# Supplied material
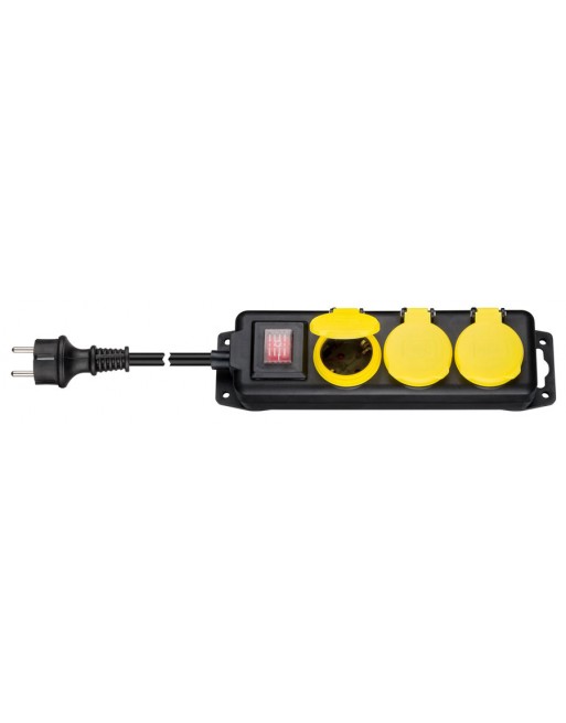 Υψηλής ποιότητας πολύπριζο με αδιάβροχη προστασία IP44, κατάλληλο για εξωτερική χρήση. Διαθέτει 3 υποδοχές ασφαλείας schuko με προστατευτικά καλύμματα και διακόπτη On/Off.
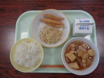 今日の献立は、 ご飯 大根と鶏肉の中華煮 きびなごのさくさく和え 甘酢和え 牛乳 でした。
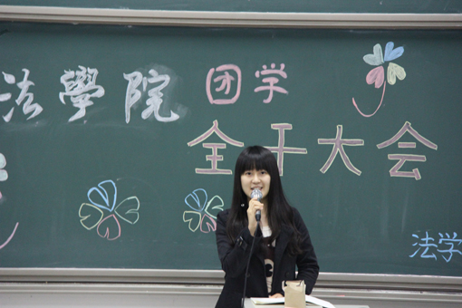 晚上六点半,大会在主持人现任团总支副书记毕钰同学简短有力的开场白中拉开序幕。团总支书记李杰老师就各部门的工作性质以及前段时间各部门的工作做了总结。随后,新老干事代表上台发言,秘书处12级新干事沈安琪同学表达了自己对团学的热爱,而团宣11级干事黄艺灵同学则在欢乐生动的言语中,给新干事们以真诚地建议。
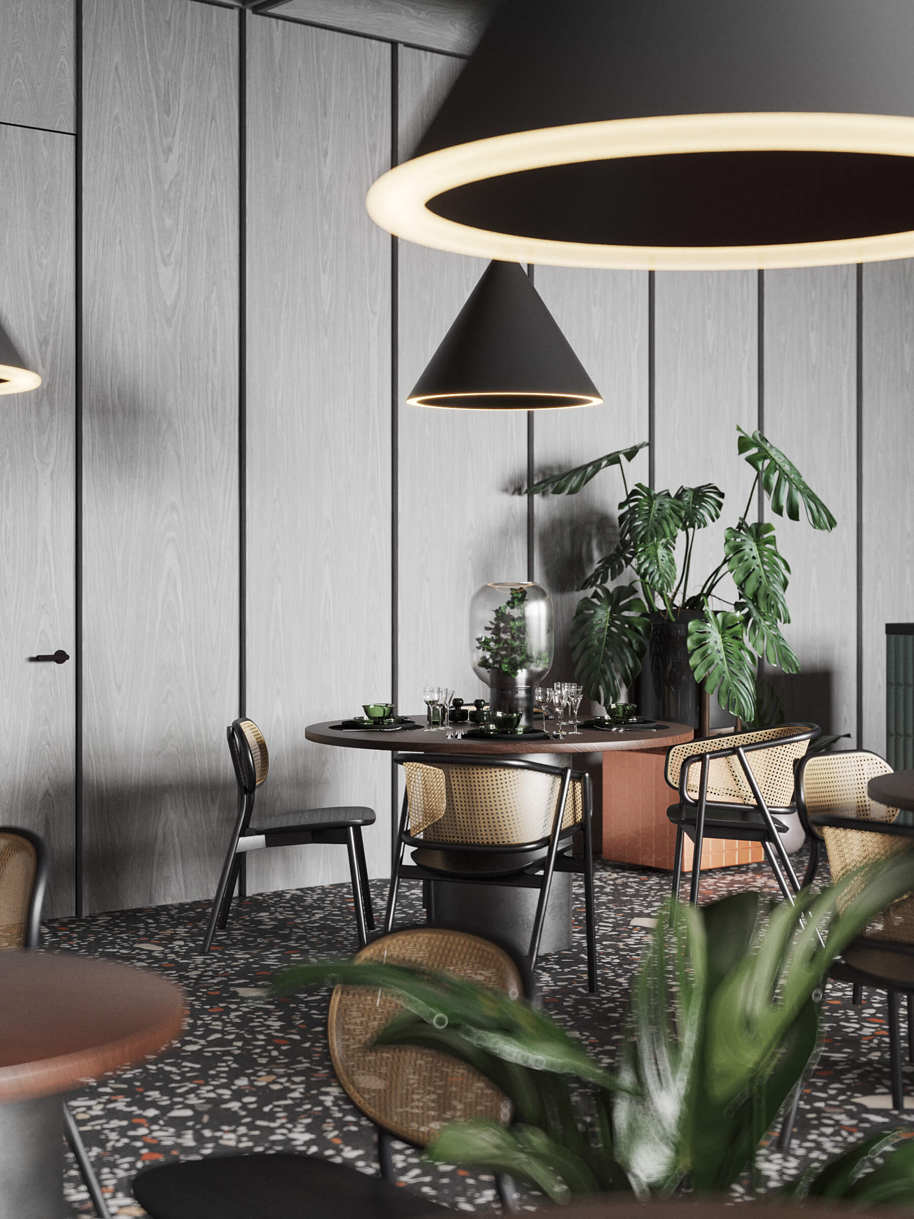 ПопереднійПроект з красивим поєднанням шпону ДУБ ВІНТЕР на дверях та стінових панелях, що надихає на особливо теплі відчуття та передають по-справжньому затишну і теплу атмосферу кафе.
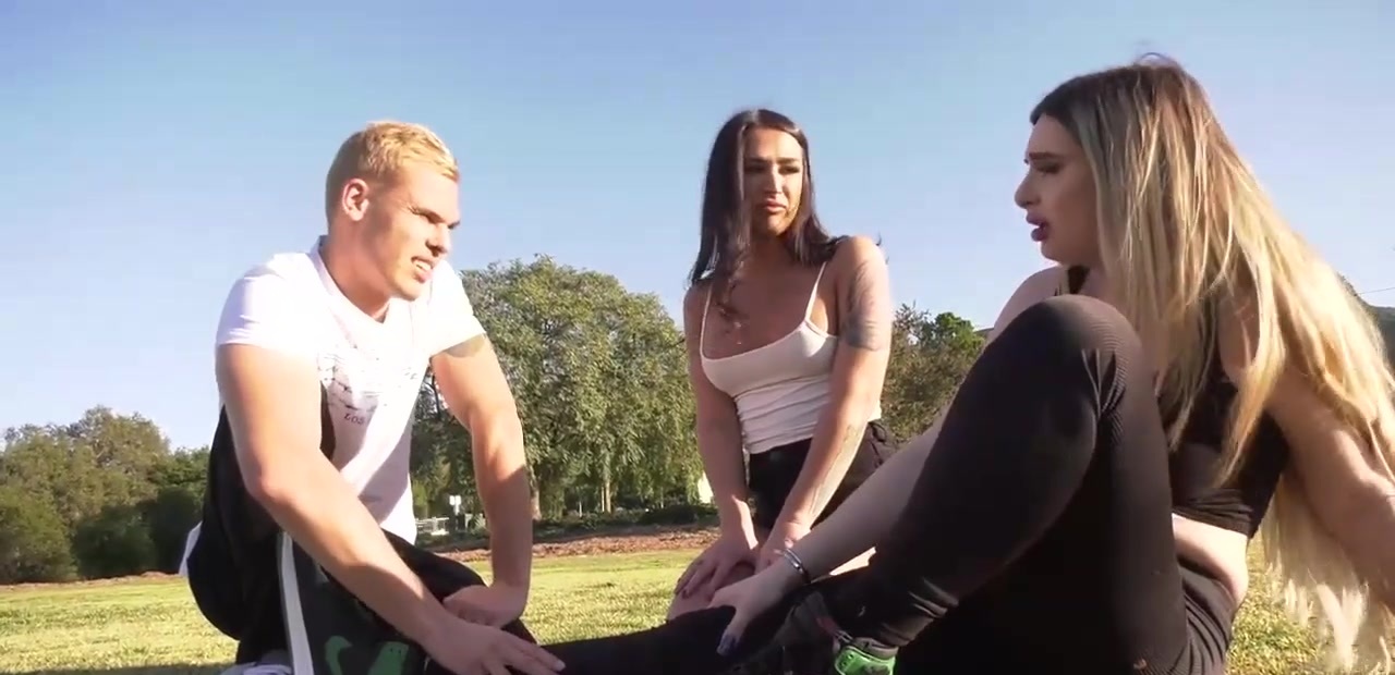Two beautiful transexuals Khloe Kay and Ivory Mayhem make out with hadnsome straight guy Tony Sting kissing while masturbating and deepthroat blowjob ones big cock. Soon, the other is sucking while bareback anal asshole in threesome until reaching orgasm.
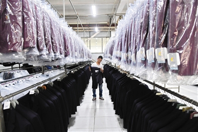 4月18日,工人在容城县服装工业园车间内整理成品服装。新华社记者 杨世尧 摄
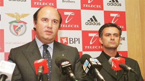 Mourinho đầy tự tin trong ngày ra mắt tại Benfica với chủ tịch Vale Azevedo (trái)...

# Work instructions
Make an exact copy of the data, leaving its pictures out.

# Response to this task
 Υψηλής ποιότητας πολύπριζο με αδιάβροχη προστασία IP44, κατάλληλο για εξωτερική χρήση. Διαθέτει 3 υποδοχές ασφαλείας schuko με προστατευτικά καλύμματα και διακόπτη On/Off.
 今日の献立は、 ご飯 大根と鶏肉の中華煮 きびなごのさくさく和え 甘酢和え 牛乳 でした。
 晚上六点半,大会在主持人现任团总支副书记毕钰同学简短有力的开场白中拉开序幕。团总支书记李杰老师就各部门的工作性质以及前段时间各部门的工作做了总结。随后,新老干事代表上台发言,秘书处12级新干事沈安琪同学表达了自己对团学的热爱,而团宣11级干事黄艺灵同学则在欢乐生动的言语中,给新干事们以真诚地建议。
 ПопереднійПроект з красивим поєднанням шпону ДУБ ВІНТЕР на дверях та стінових панелях, що надихає на особливо теплі відчуття та передають по-справжньому затишну і теплу атмосферу кафе.
Two beautiful transexuals Khloe Kay and Ivory Mayhem make out with hadnsome straight guy Tony Sting kissing while masturbating and deepthroat blowjob ones big cock. Soon, the other is sucking while bareback anal asshole in threesome until reaching orgasm.
 4月18日,工人在容城县服装工业园车间内整理成品服装。新华社记者 杨世尧 摄
 Mourinho đầy tự tin trong ngày ra mắt tại Benfica với chủ tịch Vale Azevedo (trái)...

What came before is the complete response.